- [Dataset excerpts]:
-=-=-
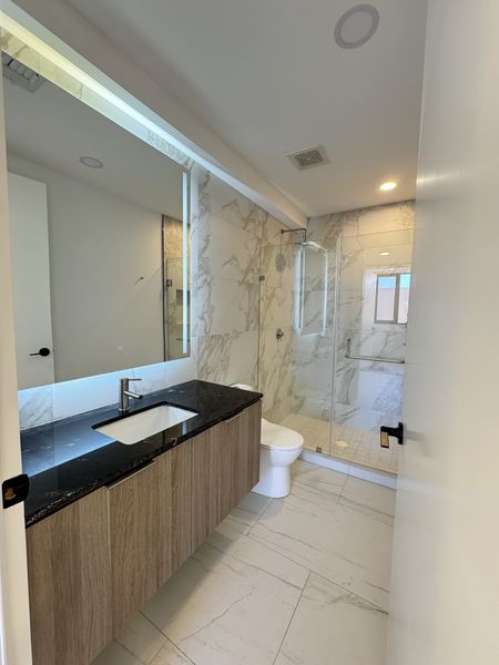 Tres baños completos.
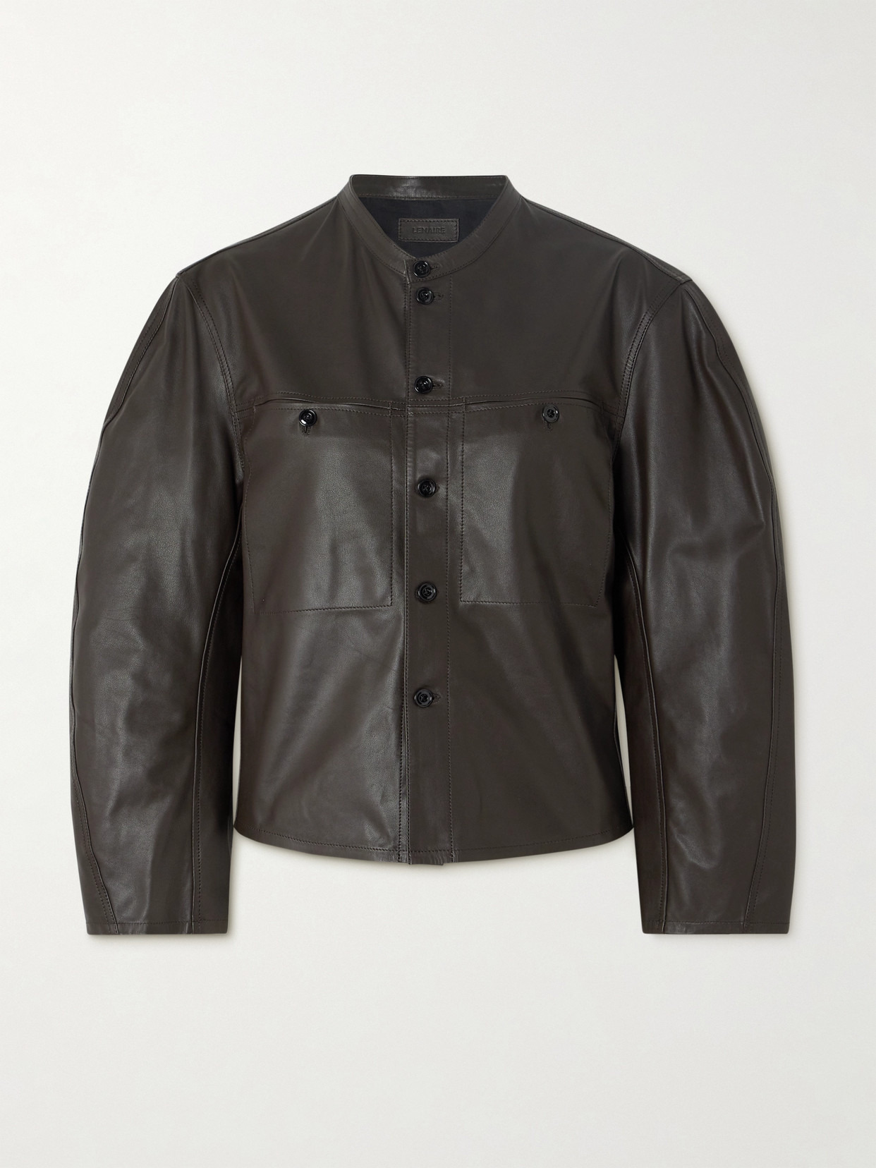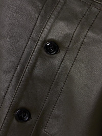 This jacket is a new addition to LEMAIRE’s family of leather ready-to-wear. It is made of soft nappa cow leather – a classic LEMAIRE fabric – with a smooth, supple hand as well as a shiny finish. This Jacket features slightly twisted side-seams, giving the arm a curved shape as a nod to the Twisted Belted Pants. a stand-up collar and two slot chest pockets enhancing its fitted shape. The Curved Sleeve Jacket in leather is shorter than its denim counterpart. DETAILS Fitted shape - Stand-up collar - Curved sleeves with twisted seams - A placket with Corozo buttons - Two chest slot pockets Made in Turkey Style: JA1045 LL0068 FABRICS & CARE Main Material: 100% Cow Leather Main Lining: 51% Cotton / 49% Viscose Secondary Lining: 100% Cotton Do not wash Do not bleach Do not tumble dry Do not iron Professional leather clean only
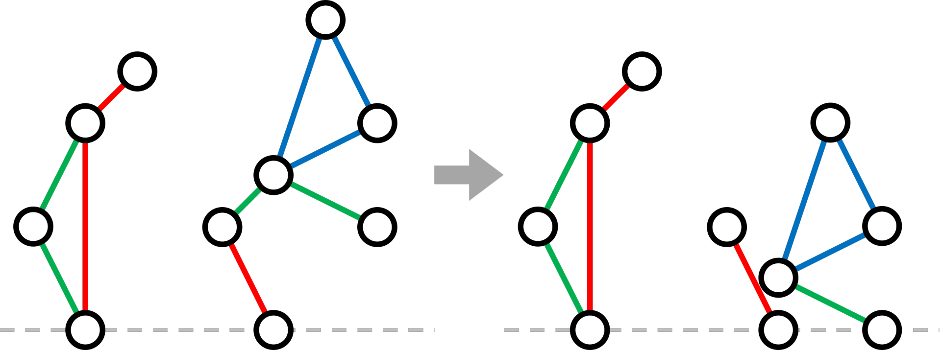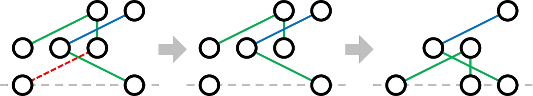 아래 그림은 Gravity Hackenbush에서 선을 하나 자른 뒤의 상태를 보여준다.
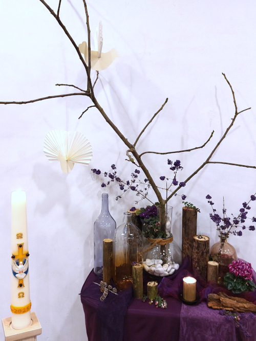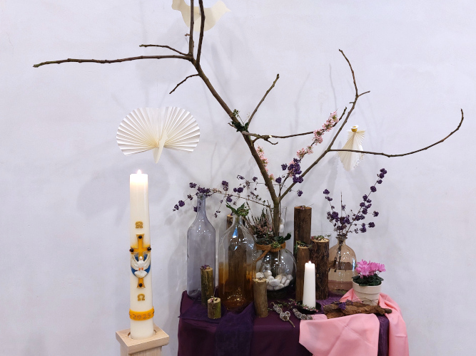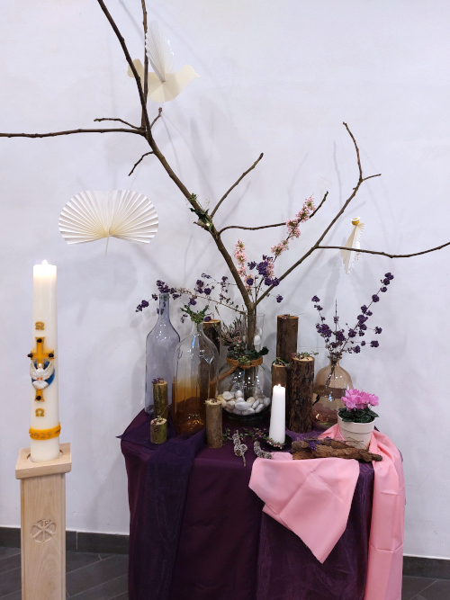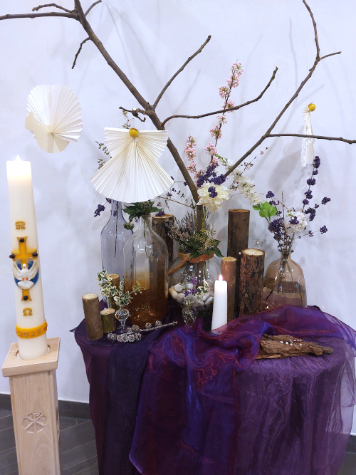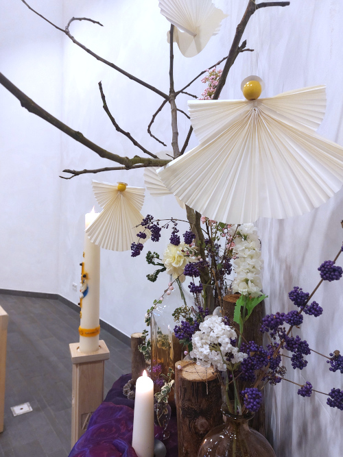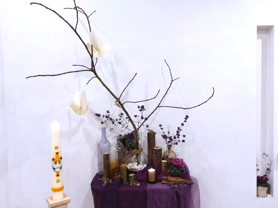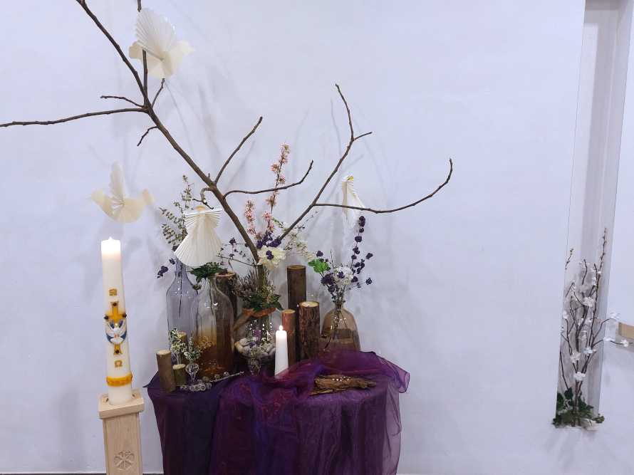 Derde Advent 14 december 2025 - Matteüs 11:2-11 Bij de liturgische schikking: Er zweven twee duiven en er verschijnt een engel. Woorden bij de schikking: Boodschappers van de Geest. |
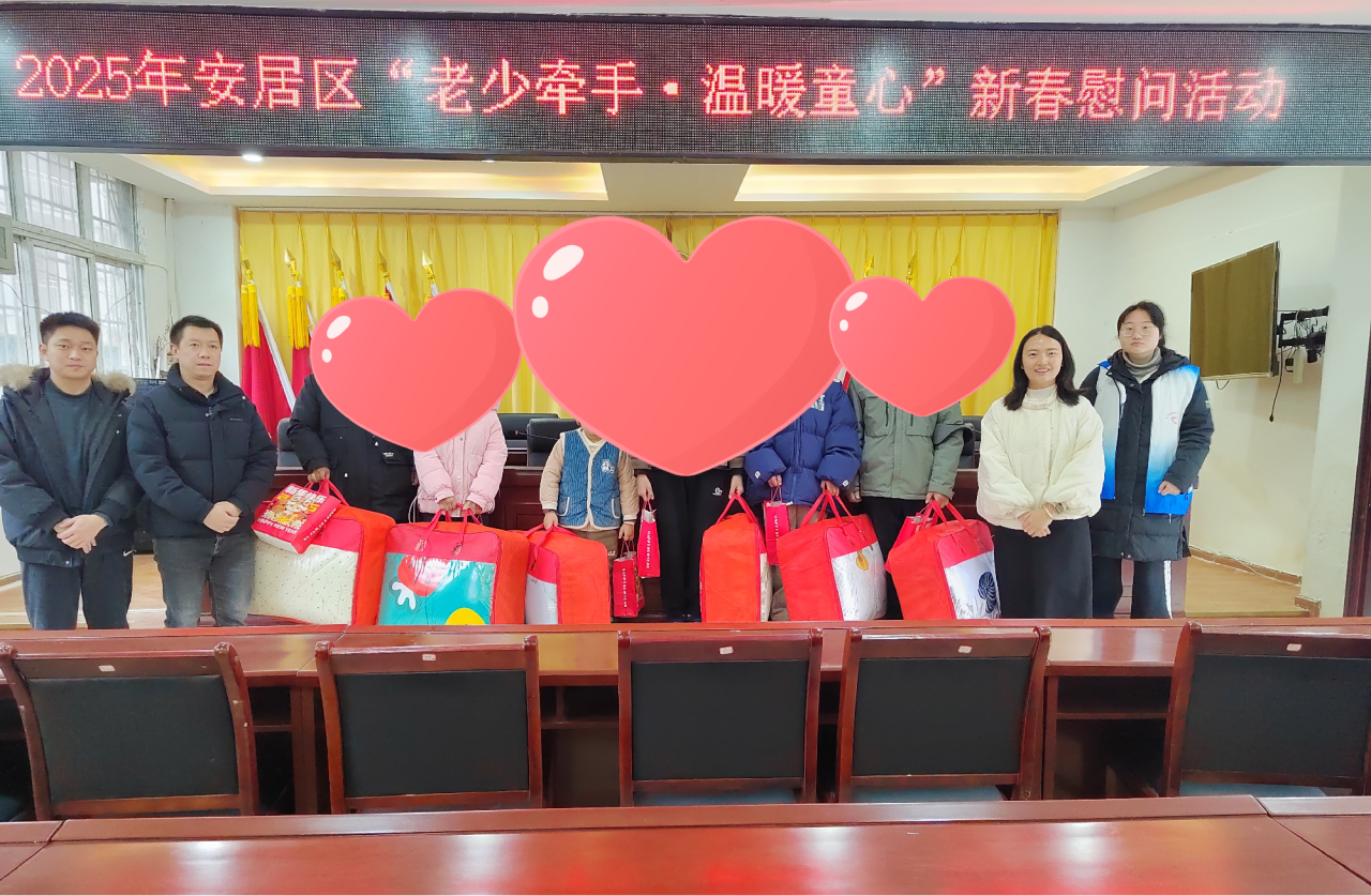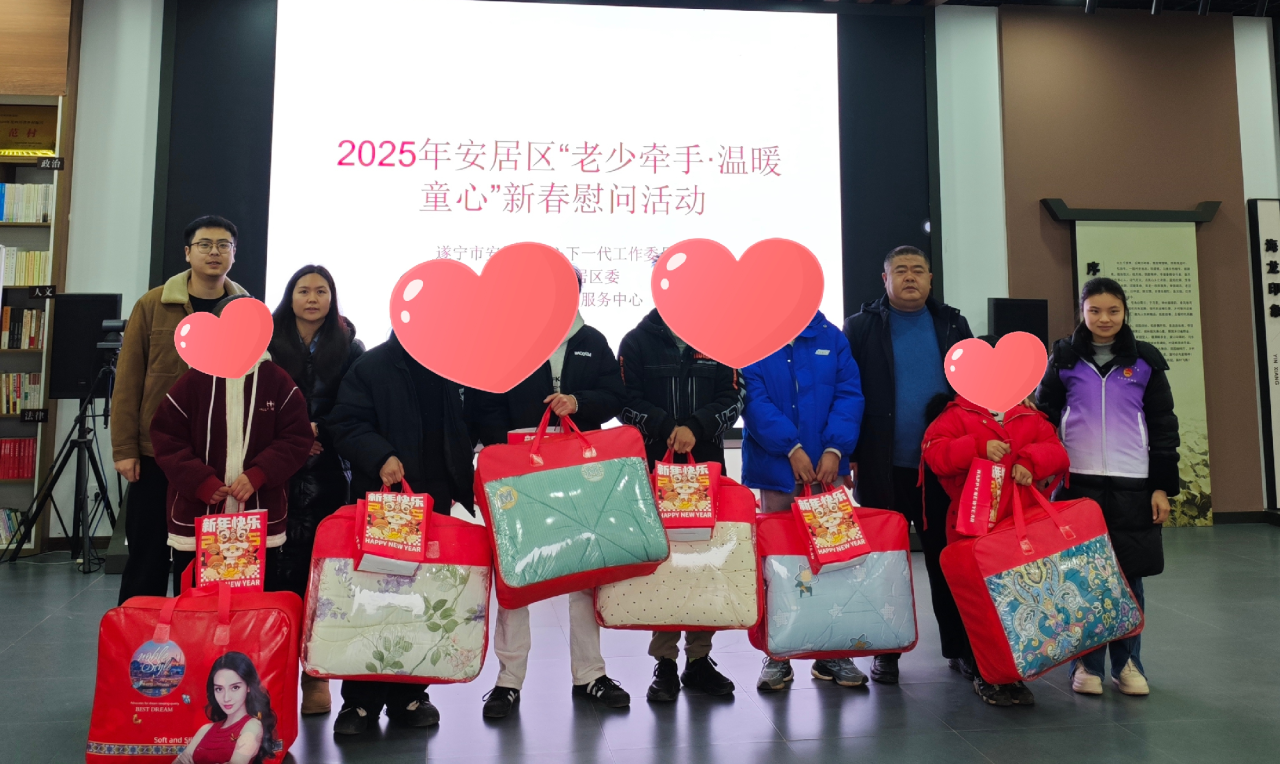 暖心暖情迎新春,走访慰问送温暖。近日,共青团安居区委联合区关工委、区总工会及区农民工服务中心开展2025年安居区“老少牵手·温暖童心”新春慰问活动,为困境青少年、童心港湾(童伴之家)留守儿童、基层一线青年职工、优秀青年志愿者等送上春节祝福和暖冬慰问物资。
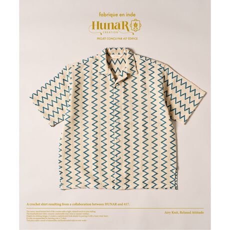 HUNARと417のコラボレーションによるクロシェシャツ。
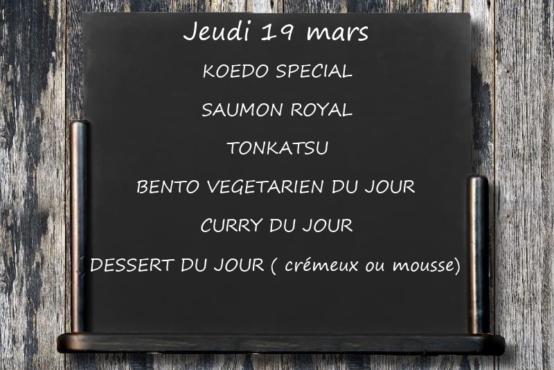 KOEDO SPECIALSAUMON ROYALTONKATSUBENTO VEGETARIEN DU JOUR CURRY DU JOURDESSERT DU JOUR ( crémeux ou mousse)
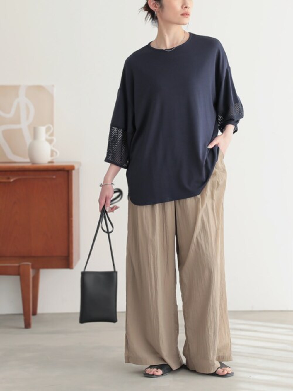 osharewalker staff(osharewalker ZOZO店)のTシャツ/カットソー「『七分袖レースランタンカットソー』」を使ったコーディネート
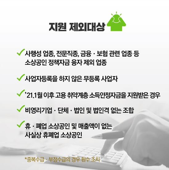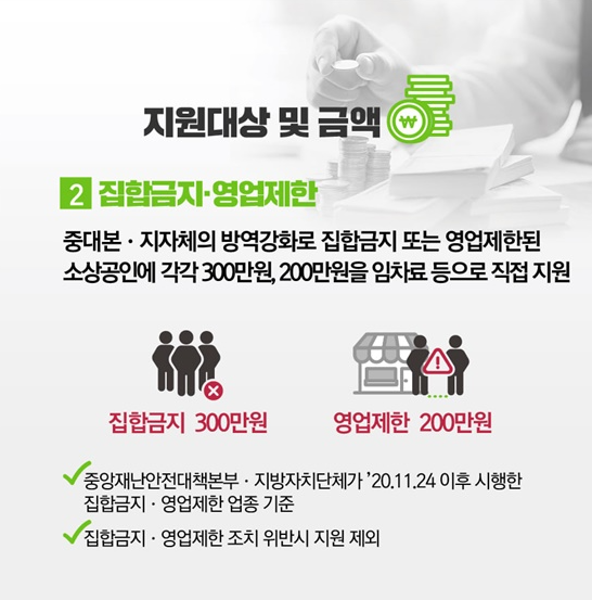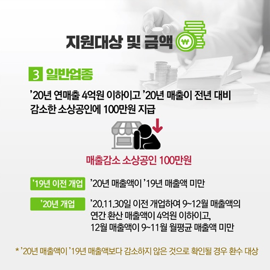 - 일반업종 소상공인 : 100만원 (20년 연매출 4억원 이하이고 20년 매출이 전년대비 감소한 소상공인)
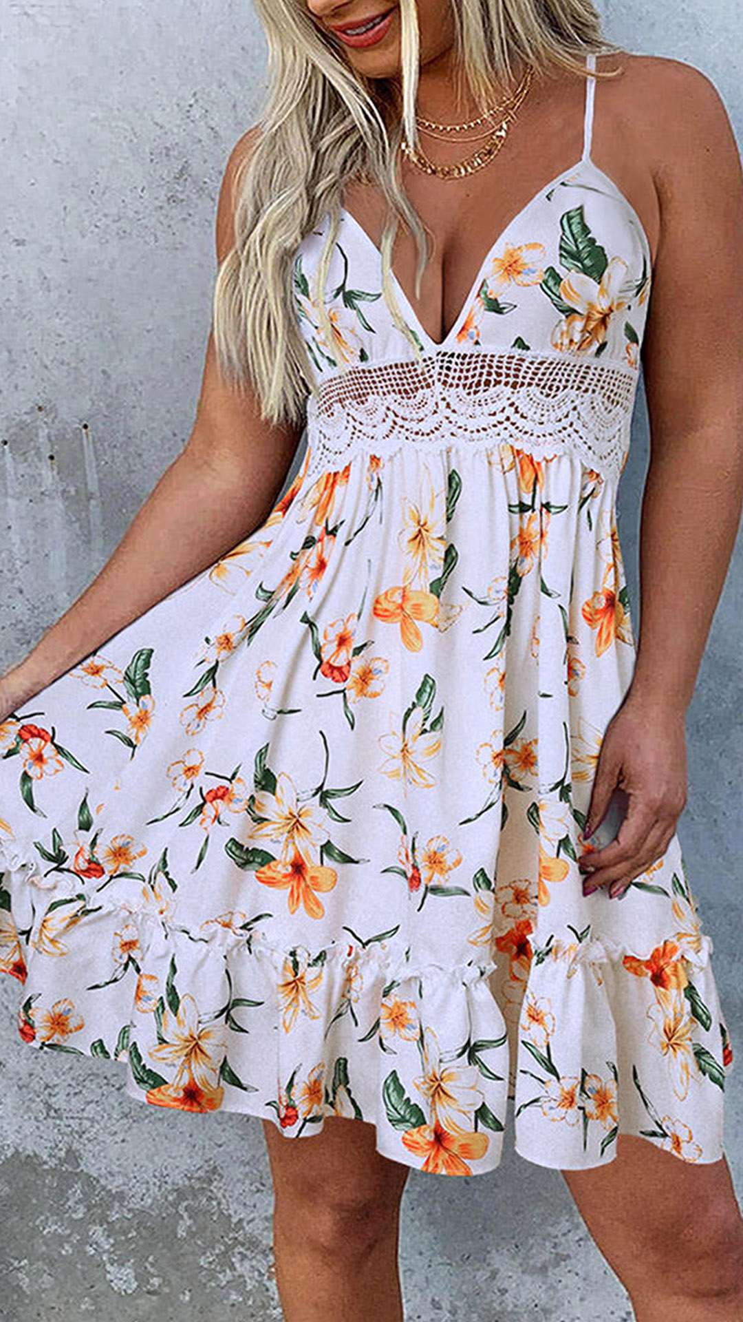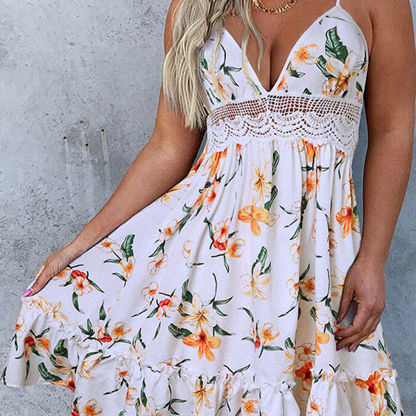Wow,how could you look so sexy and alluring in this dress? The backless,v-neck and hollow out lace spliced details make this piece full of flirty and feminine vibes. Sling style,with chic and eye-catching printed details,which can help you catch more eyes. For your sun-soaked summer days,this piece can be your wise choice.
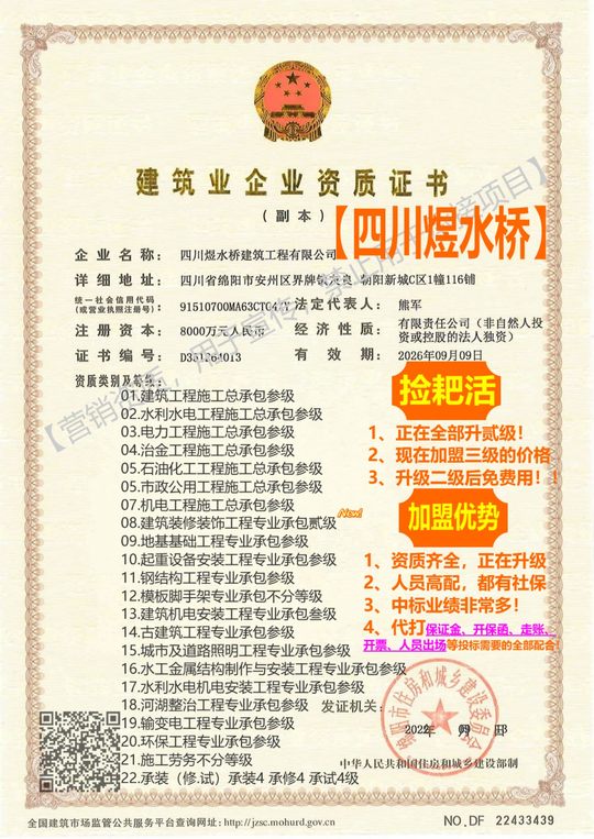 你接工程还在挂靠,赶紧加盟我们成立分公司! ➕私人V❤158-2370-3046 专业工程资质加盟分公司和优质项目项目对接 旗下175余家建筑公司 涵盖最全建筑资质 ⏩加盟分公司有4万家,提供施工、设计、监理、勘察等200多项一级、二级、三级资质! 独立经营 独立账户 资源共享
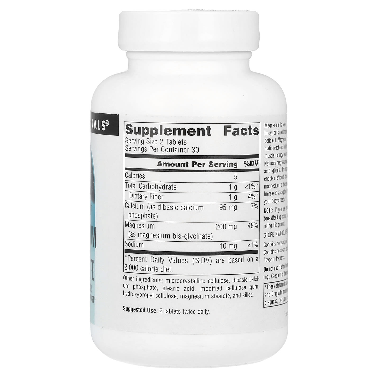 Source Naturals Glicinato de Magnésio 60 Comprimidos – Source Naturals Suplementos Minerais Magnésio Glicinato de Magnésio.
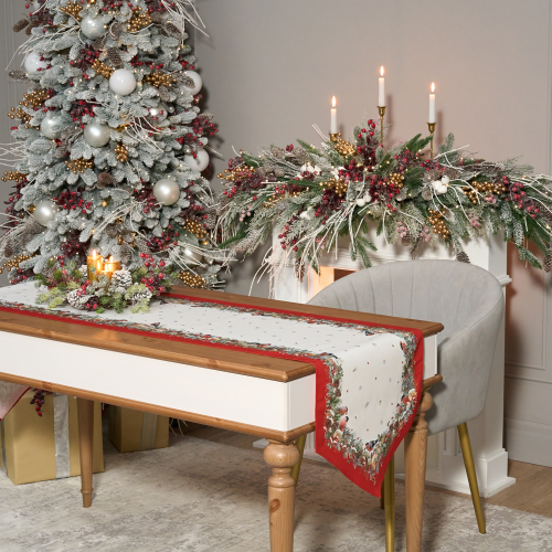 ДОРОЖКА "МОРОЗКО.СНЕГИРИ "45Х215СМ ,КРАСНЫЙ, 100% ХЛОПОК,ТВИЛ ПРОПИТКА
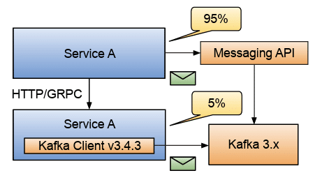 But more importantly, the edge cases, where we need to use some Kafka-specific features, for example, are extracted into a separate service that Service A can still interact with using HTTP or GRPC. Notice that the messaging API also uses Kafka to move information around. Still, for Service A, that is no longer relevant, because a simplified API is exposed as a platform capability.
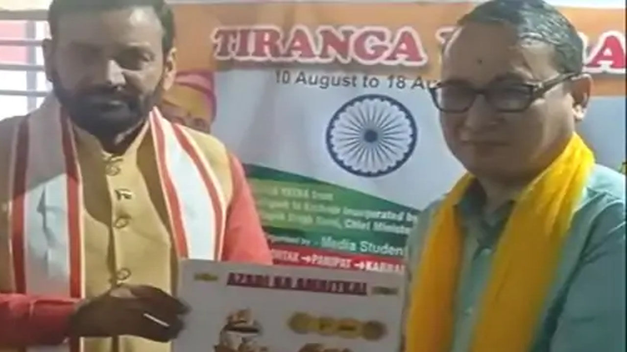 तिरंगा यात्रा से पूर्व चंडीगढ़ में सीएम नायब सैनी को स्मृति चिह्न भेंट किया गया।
-=-=-
- [Assigned task]: Beginning with the line that contains "你接工程还在挂靠,赶紧加盟我们成立分公司! ➕私人V❤158-2370-3046 专业工程资质加盟分公司和优质项目项目对接", print exactly every line through the end of the records, both included. Omit the pictures.

- [Solution below]:
 你接工程还在挂靠,赶紧加盟我们成立分公司! ➕私人V❤158-2370-3046 专业工程资质加盟分公司和优质项目项目对接 旗下175余家建筑公司 涵盖最全建筑资质 ⏩加盟分公司有4万家,提供施工、设计、监理、勘察等200多项一级、二级、三级资质! 独立经营 独立账户 资源共享
 Source Naturals Glicinato de Magnésio 60 Comprimidos – Source Naturals Suplementos Minerais Magnésio Glicinato de Magnésio.
 ДОРОЖКА "МОРОЗКО.СНЕГИРИ "45Х215СМ ,КРАСНЫЙ, 100% ХЛОПОК,ТВИЛ ПРОПИТКА
 But more importantly, the edge cases, where we need to use some Kafka-specific features, for example, are extracted into a separate service that Service A can still interact with using HTTP or GRPC. Notice that the messaging API also uses Kafka to move information around. Still, for Service A, that is no longer relevant, because a simplified API is exposed as a platform capability.
 तिरंगा यात्रा से पूर्व चंडीगढ़ में सीएम नायब सैनी को स्मृति चिह्न भेंट किया गया।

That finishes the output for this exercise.